Lewis Carroll’s Alice in Wonderland has been a source of inspiration for me and many others concerning a specific aspect of complex systems. This aspect is one that in my view is essential if we want to realise the quantum leap in complexity that we need: reflection.

Reflection is that property of systems that enable them to speak about themselves. An excellent introduction to reflection is the famous book by Douglas Hofstaedter: Gödel Escher Bach. The living brain of course being the foremost example of such a system.

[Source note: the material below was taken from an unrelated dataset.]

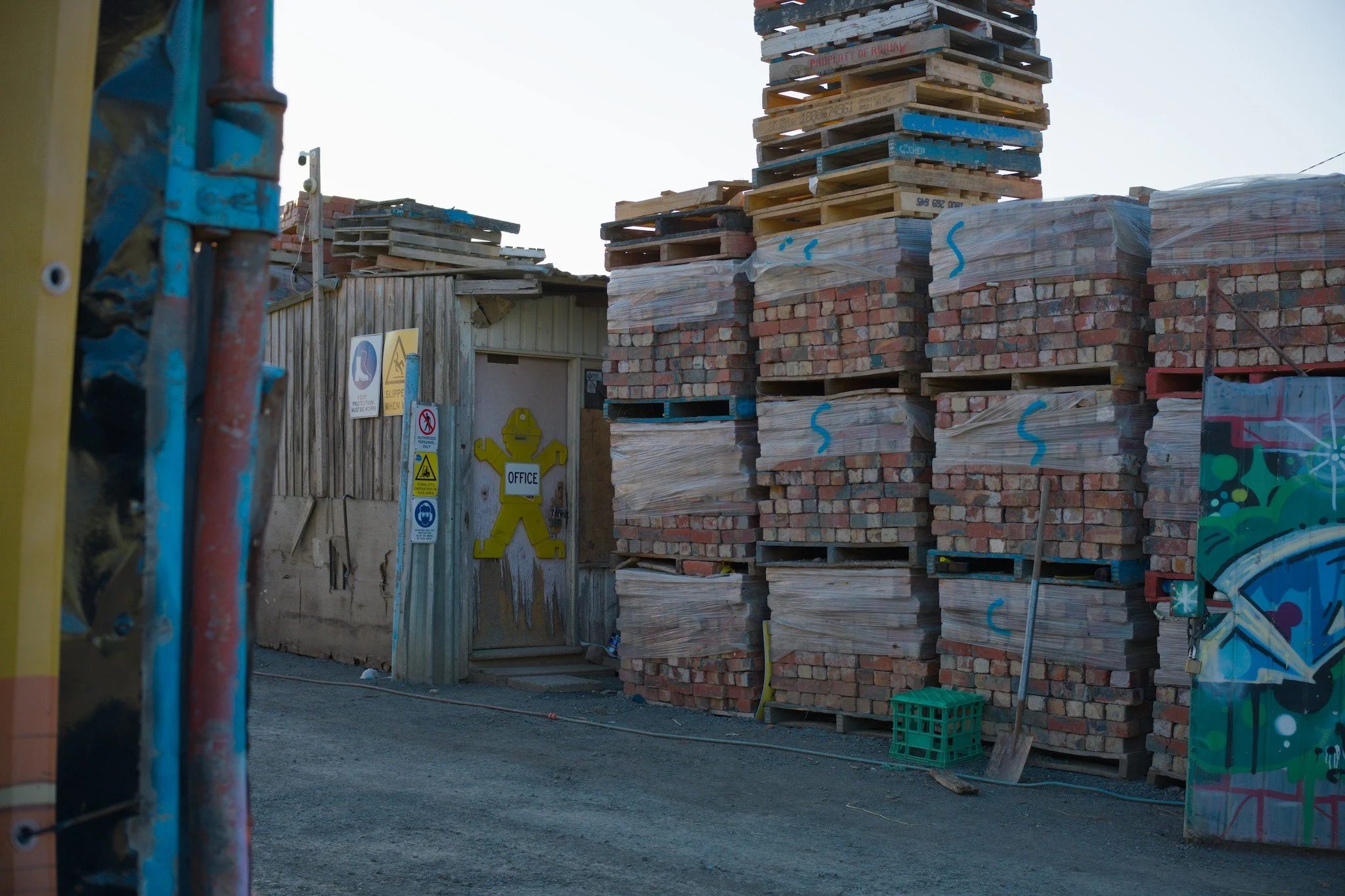 Photo of a line of standard transport pallets – the square wooden types that can be easily picked up by forklifts. Each pallet is fully loaded with layers of recycled bricks, the top layers of which have plastic wrap rolled around them. The pallets have been stacked three-high in a large outdoor yard, with several empty pallets on top of these already high stacks. Also on this yard is a medium-sized wooden shed. A sign on the door of this shed reads, in all capital letters, “office”.

Really complex adaptive systems are able to modify themselves instead of being dependent on human intervention to do so. People are not able to overview or control the complexity of relations in a system as a whole, the aspect I call Global Complexity  (in contrast with the other aspect of complex systems, called Local Simplicity – more on this in another article). In fact, almost all of the effort we have put into computer systems has been in the vain attempt to control them, not in evolving them or making them better. The ecological properties of these systems make it only worse (see: Gregory Bateson: Steps to an Ecology of Mind). By harnessing the power of reflection these systems are able to do this on their own initiative, but of course this implies an almost total revolution in the way we treat these systems.

M.C. Escher: Drawing Hands (1948) – Wikipedia

In programming languages Lisp and Smalltalk have taken the road to reflection further. Modern computer languages as a rule sadly neglect this property that is essential to create really complex systems, and in fact I am sad to see that this aspect is not dealt with in programming languages as a whole. Maybe because this is too complex to deal with?

The Smalltalk system is a reflective system with astounding properties many people do not realise, even Smalltalk programmers. Bootstrapped in October 1972, this system has evolved without dying, up until this very moment. Systems developed in Smalltalk were and are not created by writing code but by sending messages to objects in this original system, thereby modifying it, morphing it as it were to reflect the wishes of the developers. The many systems developed in Smalltalk are a testament to this ability to mutate in almost any possible direction, the creativity of the users the only restricting force. An “application” in Smalltalk is actually not something programmed, but “grown” from the development environment itself. Deploying an application in Smalltalk is done by cloning the development environment and removing all unnecessary tooling thereby shrinking the world of these objects. And then the application delivered to the customer is still a sibling of this world that bootstrapped in 1972!